Data provided ->
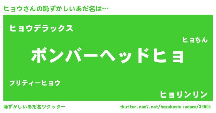 | ヒーロー風カッコイイあだ名 | 『正義の使者ヒョウ』『炎刃騎士ヒョ』 |
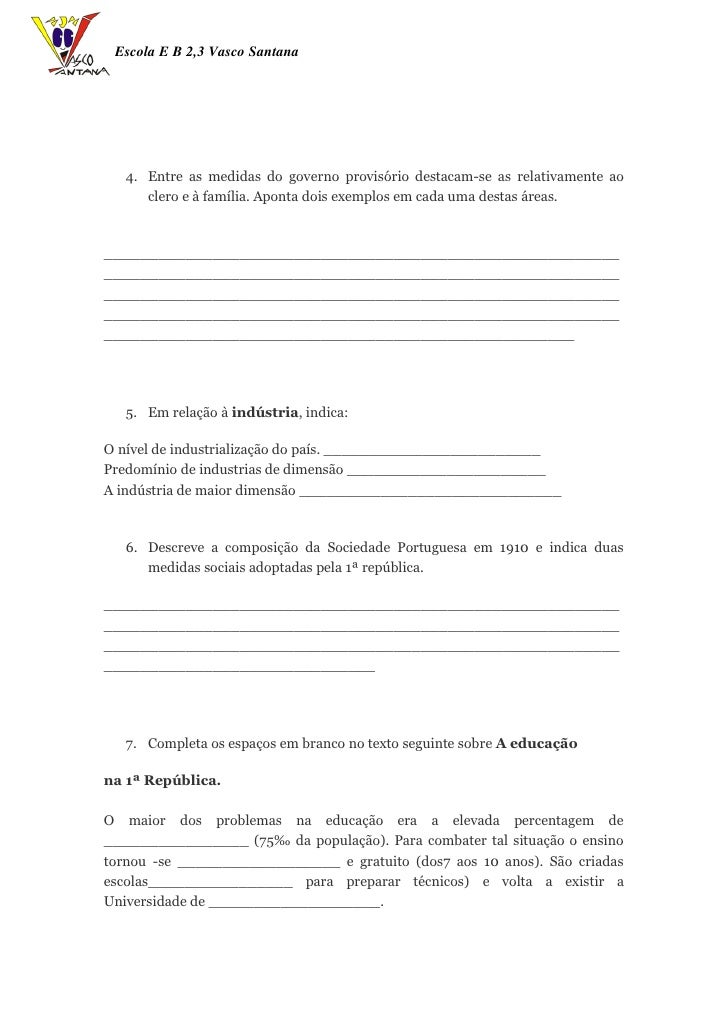 2. 2. Escola E B 2,3 Vasco Santana 4. Entre as medidas do governo provisório destacam-se as relativamente ao clero e à família. Aponta dois exemplos em cada uma destas áreas.________________________________________________________________________________________________________________________________________________________________________________________________________________________________________________________________________________________ 5. Em relação à indústria, indica:O nível de industrialização do país. ________________________Predomínio de industrias de dimensão ______________________A indústria de maior dimensão _____________________________ 6. Descreve a composição da Sociedade Portuguesa em 1910 e indica duas medidas sociais adoptadas pela 1ª república._________________________________________________________________________________________________________________________________________________________________________________________________________ 7. Completa os espaços em branco no texto seguinte sobre A educaçãona 1ª República.O maior dos problemas na educação era a elevada percentagem de________________ (75‰ da população). Para combater tal situação o ensinotornou -se __________________ e gratuito (dos7 aos 10 anos). São criadasescolas________________ para preparar técnicos) e volta a existir aUniversidade de ___________________.
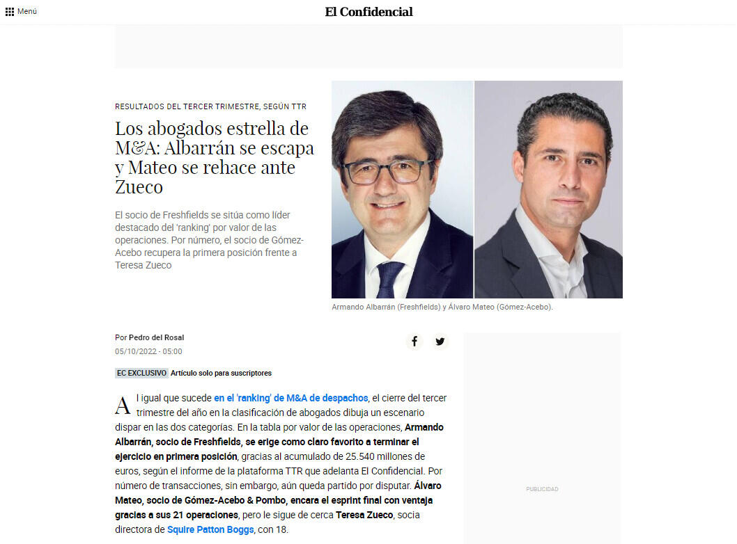 El socio de Freshfields se sitúa como líder destacado del 'ranking' por valor de las operaciones. Por número, el socio de Gómez-Acebo recupera la primera posición frente a Teresa Zueco

Goal of the exercise -> Output the full listing verbatim, but drop the images.

Response below ->
 | ヒーロー風カッコイイあだ名 | 『正義の使者ヒョウ』『炎刃騎士ヒョ』 |
 2. 2. Escola E B 2,3 Vasco Santana 4. Entre as medidas do governo provisório destacam-se as relativamente ao clero e à família. Aponta dois exemplos em cada uma destas áreas.________________________________________________________________________________________________________________________________________________________________________________________________________________________________________________________________________________________ 5. Em relação à indústria, indica:O nível de industrialização do país. ________________________Predomínio de industrias de dimensão ______________________A indústria de maior dimensão _____________________________ 6. Descreve a composição da Sociedade Portuguesa em 1910 e indica duas medidas sociais adoptadas pela 1ª república._________________________________________________________________________________________________________________________________________________________________________________________________________ 7. Completa os espaços em branco no texto seguinte sobre A educaçãona 1ª República.O maior dos problemas na educação era a elevada percentagem de________________ (75‰ da população). Para combater tal situação o ensinotornou -se __________________ e gratuito (dos7 aos 10 anos). São criadasescolas________________ para preparar técnicos) e volta a existir aUniversidade de ___________________.
 El socio de Freshfields se sitúa como líder destacado del 'ranking' por valor de las operaciones. Por número, el socio de Gómez-Acebo recupera la primera posición frente a Teresa Zueco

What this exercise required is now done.